Advanced Persistent Threat (APT)

Advanced Persistent Threat (APT) is where attackers, often state or state sponsored, engage significant resources and expertise to use against an organisation.

If an individual or organisation is attacked with state or state sponsored resources, intent, determination, pressure and persistence, such an attack is frequently referred to as Advanced Persistent Threat (APT).

APT attackers will literally spend days, and for some hardened defence companies even months, getting at a target organisation directly and through other associated organisations, such as their supply chain, and people.
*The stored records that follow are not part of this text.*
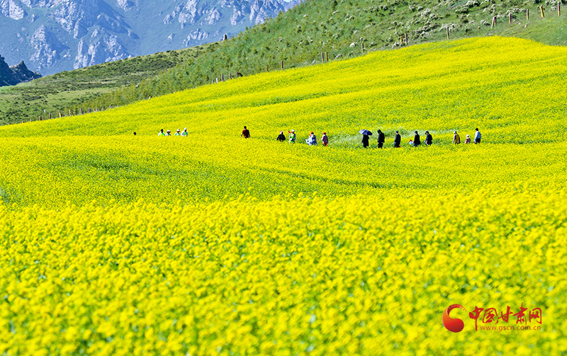 独特的气候,迷人的花香,还有当地特色的小吃,像热乎乎的羊肉垫卷子、青稞面搓鱼子等,吸引了大量的外地游客慕名而来。他们沐浴在这片金色的海洋里,有的骑着骏马在花海旁策马奔腾,感受着风的速度与自由;有的坐在田间的小凳上,品尝着特色小吃,与同行的人谈笑风生;还有的跟着当地的爱舞者挑起欢乐的锅庄,享受夏日傍晚的欢愉。整个景区热闹非凡,充满了欢声笑语,构成了一幅人与自然和谐共处的美好画卷。
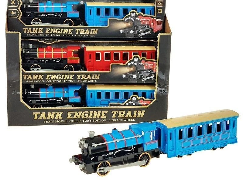 LOKOMOTYWA Z WAGONEM ZE ŚWIATŁEM I DŹWIĘKIEM 6 SZT
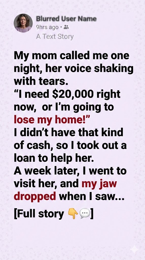 When I transferred the money, she cried again—this time thanking me. She promised she’d explain everything soon. I didn’t press her. I figured it was some emergency mortgage issue or medical bill she was embarrassed about.
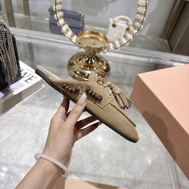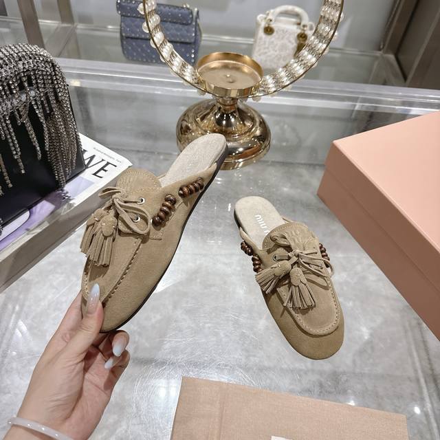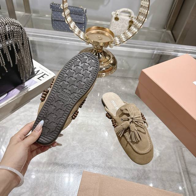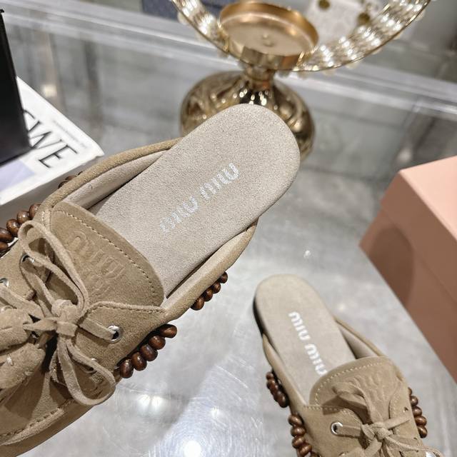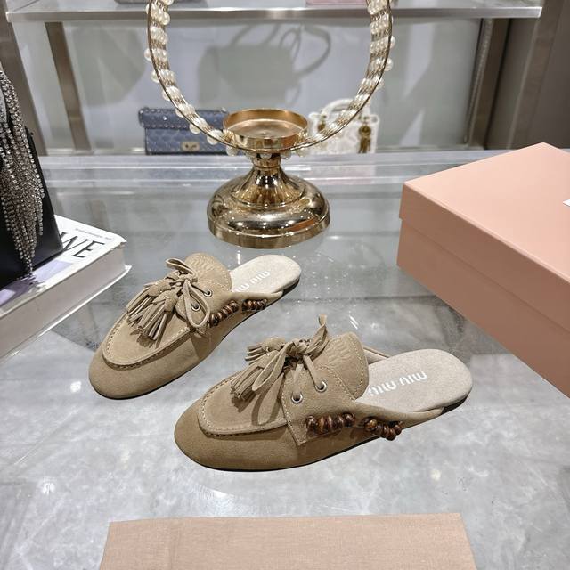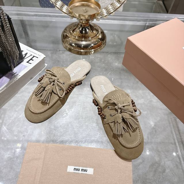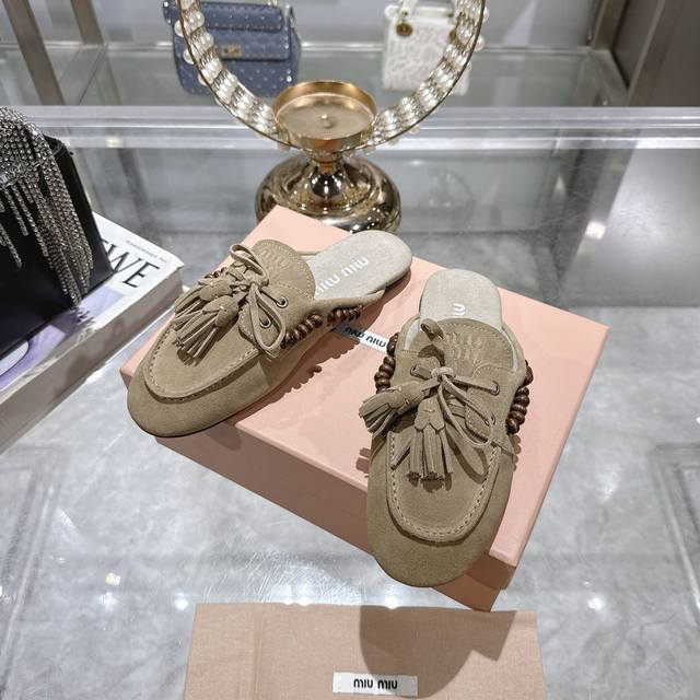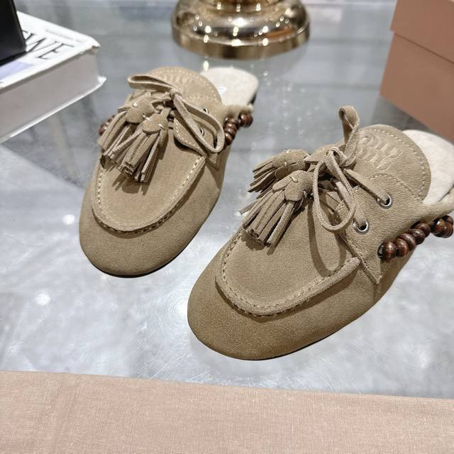 出厂拖鞋 单鞋50Miu Miu 系带鸡眼平底豆豆鞋 缪缪Miumiu25秋冬新款 一脚蹬 复古鞋 俏皮的系带流苏复古的干异色系 内里磨毛的设计 让穿着的体验更

They will:

  • research all of these stakeholders in great detail and use it to get to the organisation over time.
  • steal enormous amounts of information over a long period of time, from:
  • the organisation,
  • its supply chain
  • its employees.

The goal may be to coerce the company or agency into an unfair deal or kill off the target organisation or sector slowly by making them uncompetitive. At the same time the attacker organisation may make significant economic gain through the information they gather and disseminate to companies of relevance in their own country.

The first evidence of the attack may be in lost contracts (lost revenue), loss of negotiating power, cheaper copies of products appearing in the market and in the returns department (increased costs). This may take a long time to appear and may already be too late.
More recently there is good cause to fear they may destroy organisations or sectors quickly by stealing then wiping data and destroying machines.
If your organisation is a victim of APT, the government may contact you and if not, it is important for you to contact them, as and when you uncover it.
If the attack is caught early enough, good forensic information may be found to pursue the attackers, to look at adaptive business models now you know who the attacker is and what they have stolen, and in any case the threat may be stopped before bringing your organisation down. Security professionals may even be able to turn the attackers’ energies against themselves.

If the government contacts you about a breach:

  • Engage
  • Have a mechanism for the government to get in touch with you, such as a notifications link on your website in case of a product or media security concern.
  • Verify the person or people contacting you are genuine.
  • Engage with the contact to establish how to verify they are who they say they are
  • Don’t record any details on your email.
    • In the case of APT, the attackers have access to your email and will be looking for it. You don’t want them to know you’re onto them.
What to expect:
Bear in mind your government would not be contacting you if you didn’t have a very large problem. That said, your organisation won’t be their only issue at hand and there is an aggregate of cases you are likely a part of. You will need to ultimately engage firms to help you once you understand the nature of your problem. However, what your government contact will give you is extremely important contextual detail. This is your first shot across the bows.